そこで、今回はできるだけこれらの声に応えるため、つぎの条件で試算しました。
試算をするにあたっての前提条件
ケース① 管理職にならない場合の前提条件
課長代理(係長級)までは昇任する想定としました。
- 大学卒業後、新卒で入庁(23歳)
- 定年は60歳
- 諸手当(扶養手当・住宅手当・通勤手当・超過勤務手当)は含めない
- 昇給幅はすべて標準(4号昇給)
- ボーナス(期末・勤勉手当)は平成30年度の支給率で計算(実際は毎年変動するもの。また、4月に採用された場合、ボーナスは期間率の関係で実際は少し少なくなります。)

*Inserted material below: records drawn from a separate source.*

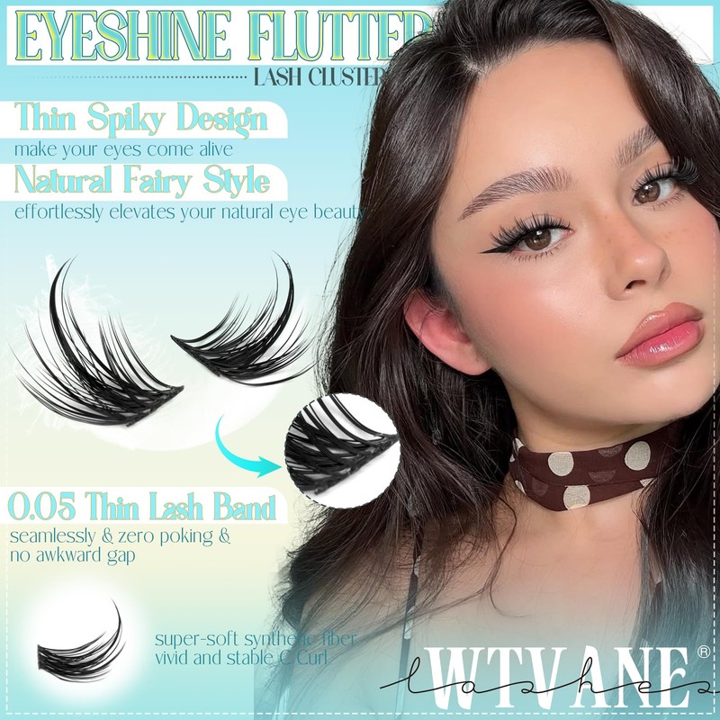 Wtvane Lash Clusters Wispy Eyelash Clusters Manga Lashes Cluster Eyelash Extension Natural Lashes Clusters False Lashes DIY Individual Lash Extension Pestañas Postizas Naturales with Thin Band
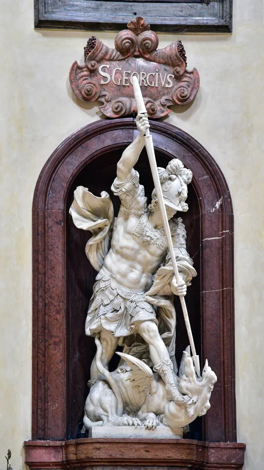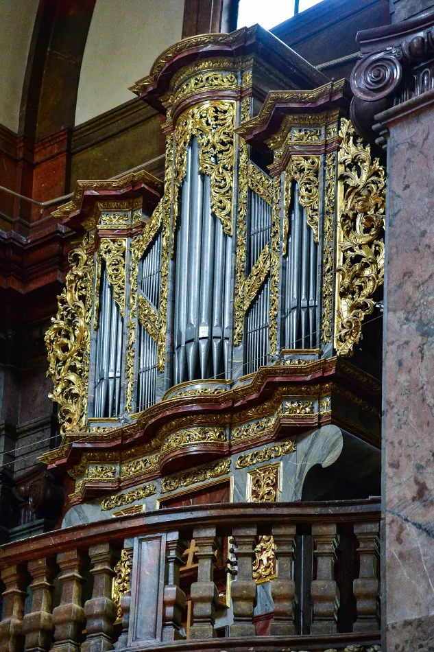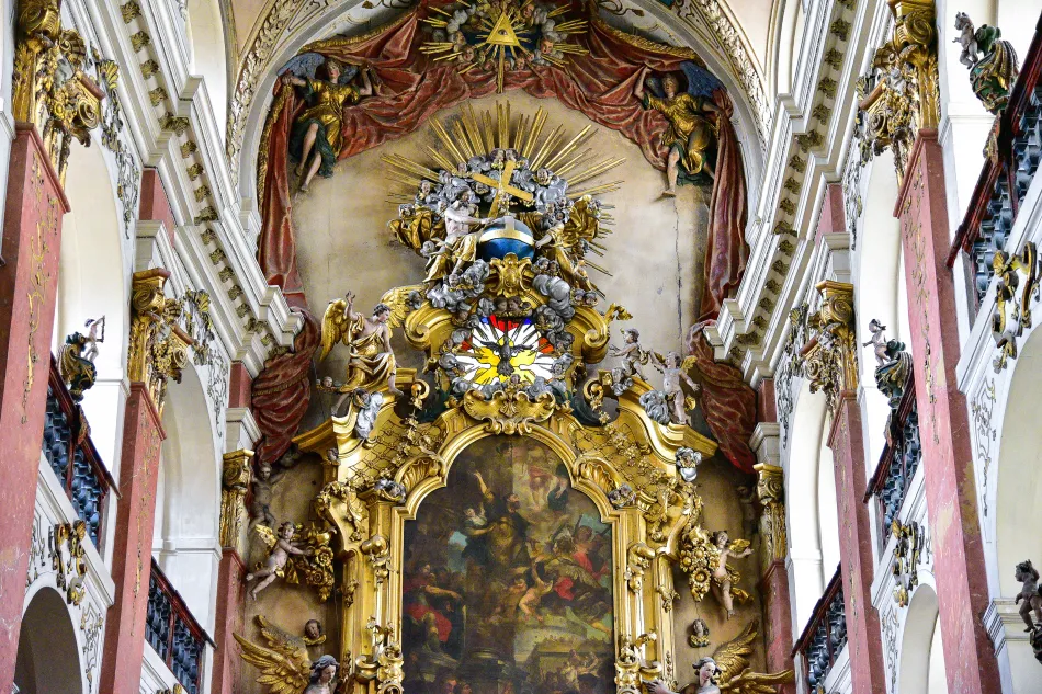 內部最引人注目的就是位於兩側超過20祭壇擺放的大型油畫,都是當代傑作,畫家為 Václav Vavřinec Reiner、Petr Brandl 等人,而管風琴也可追朔到1702年,是年代久遠的樂器。
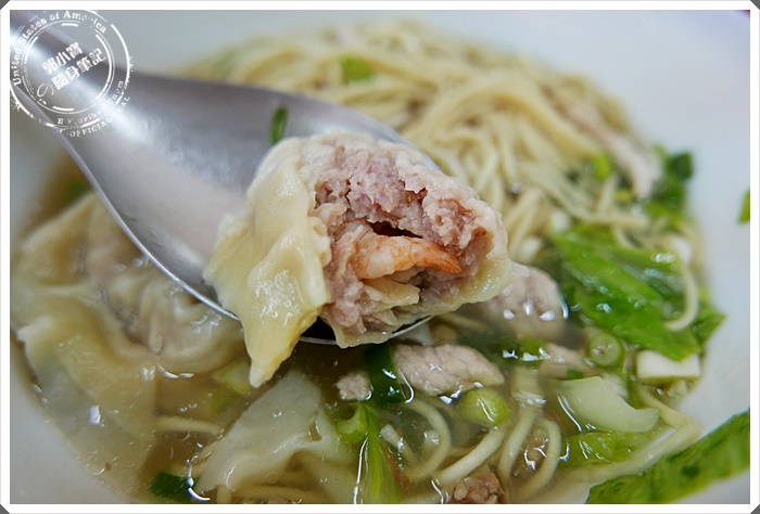 | 飽滿的餛飩當中還藏有一隻小小蝦仁,蝦仁很新鮮唷!餛飩肉餡本身味道很夠也很紮實,新鮮的豬肉調味過後更顯的好吃多汁,配上湯底清爽的湯頭,好吃銷魂難怪這麼多人排隊。 |
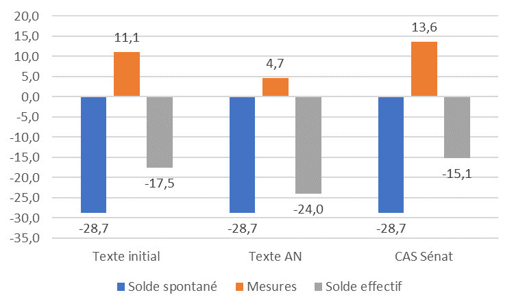 * 94 Il s'agit des coûts résultant de l'extension de la mesure aux départs anticipés figurant dans le texte transmis au Sénat. Les coûts du texte résultant de la lettre rectificative étaient de 0,1 milliard d'euros en 2026 et 1,4 milliard d'euros en 2027.
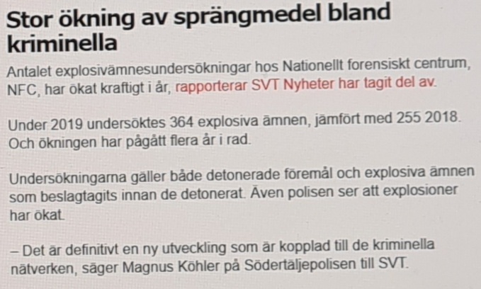 Föga förvånande rapporterar även Nationellt Forensiskt Centrum att antalet explosivämnesundersökningar har ökat kraftigt i år och ökningen har pågått flera år i rad. Även polisen ser att antalet ”explosioner” har ökat samt konstaterar att de kan kopplas till de kriminella nätverken.
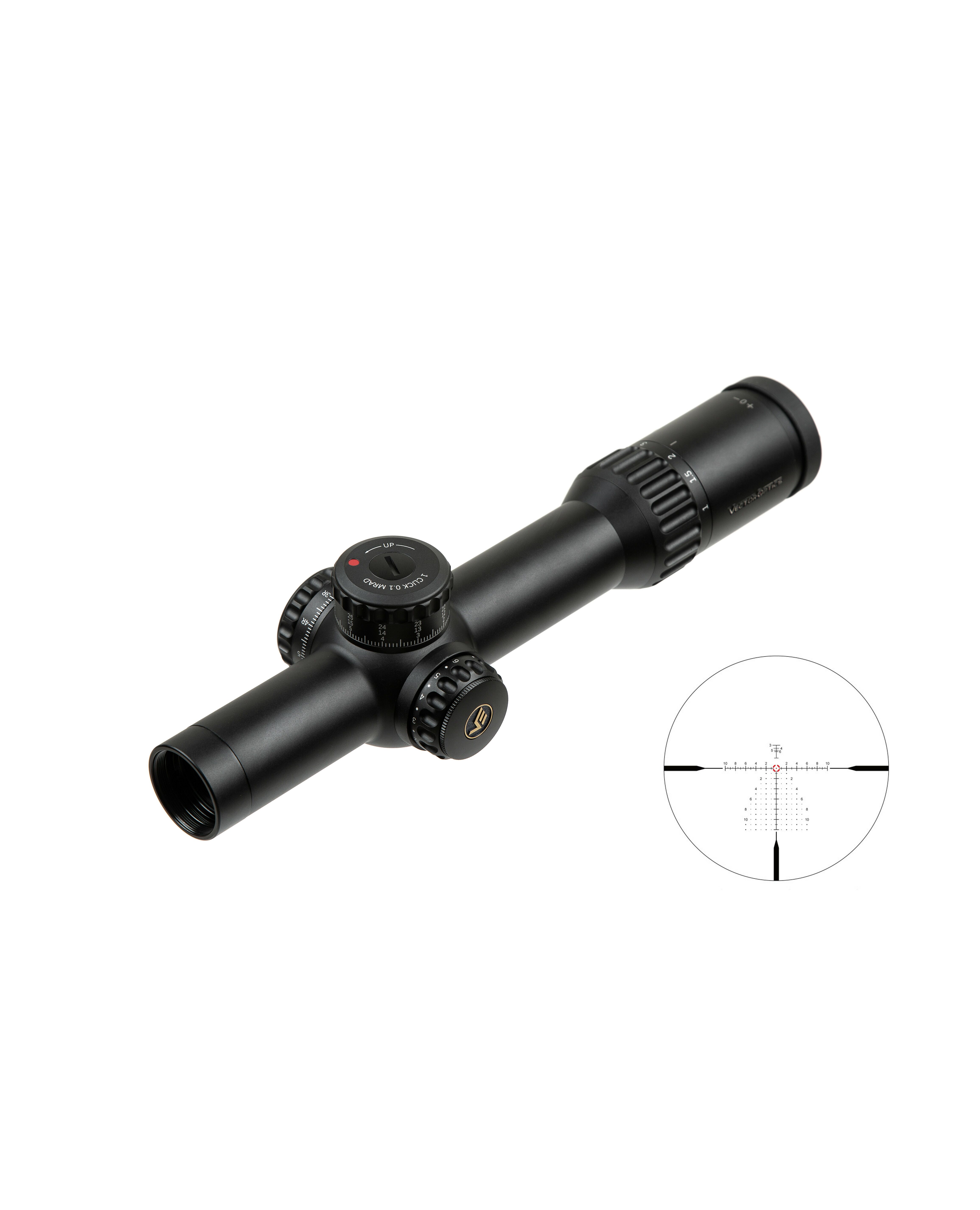 Регулировка: Тактические барабанчики для точной настройки по вертикали и горизонтали с четкими кликами (цена клика 1/10 MRAD), которые позволяют быстро и точно вносить поправки. Барабанчики поправок оснащены функциями Zero Lock и Zero Stop для предотвращения случайного внесения поправок и быстрого возврата к нулю.

- 勤勉手当の成績率は考慮しない(実際は勤務成績により多少変動あります)
- 主任試験は受ける(都庁は主任になれば課長代理までは試験なしで昇任)
- 昇任は、主事5年→主任5年→以降は定年まで課長代理
ケース② 管理職になる場合の前提条件
管理職のリアルな収入に近づけるため、ケース①の前提条件をベースとしながらも、以下の条件を加えました。
- 主任2年目に管理職試験Aに合格
- 管理職試験合格後のローテーション(課長昇任まで)期間は5年と想定
- 課長昇任後、出先課長→本庁課長→統括課長→部長への昇任についてはより実態に近づけるために「都政新報」の標準的な配置ボストと年次を参考とし、主観で想定。そのため、「職員の採用・昇任等に関する一般基準(平成30年4月)」によると5級職(部長級)への昇任は4級職(課長級)在職6年以上とあるところ、課長級在職を8年で計算
- 部長昇任時は担当部長で想定。担当部長→本庁部長への期間は参考情報がなかったため、完全なる主観です
- 部長級から局長級(指定職)への昇任、さらには副知事という出世もあり得ますが、今回の記事では部長級で退職する想定としました(試算が大変であきらめました…いつか頑張ります)
年次(年齢)別の試算結果
結果は以下のとおりです。(画像をクリックするとPDFファイルが開きますので拡大してご覧ください)
ケース① 管理職にならずに退職した場合の試算結果
23歳で入庁して60歳で退職するまでの月収・年収を試算しました。退職金を含めない生涯年収は2億5千万円強という結果になりました。
ケース② 管理職となった場合の試算結果
23歳で入庁して60歳で退職するまでの月収・年収を試算しました。この計算だと生涯年収は3億5千万円を超える結果になりました。ケース①と比べて1億円以上もの差がつきました。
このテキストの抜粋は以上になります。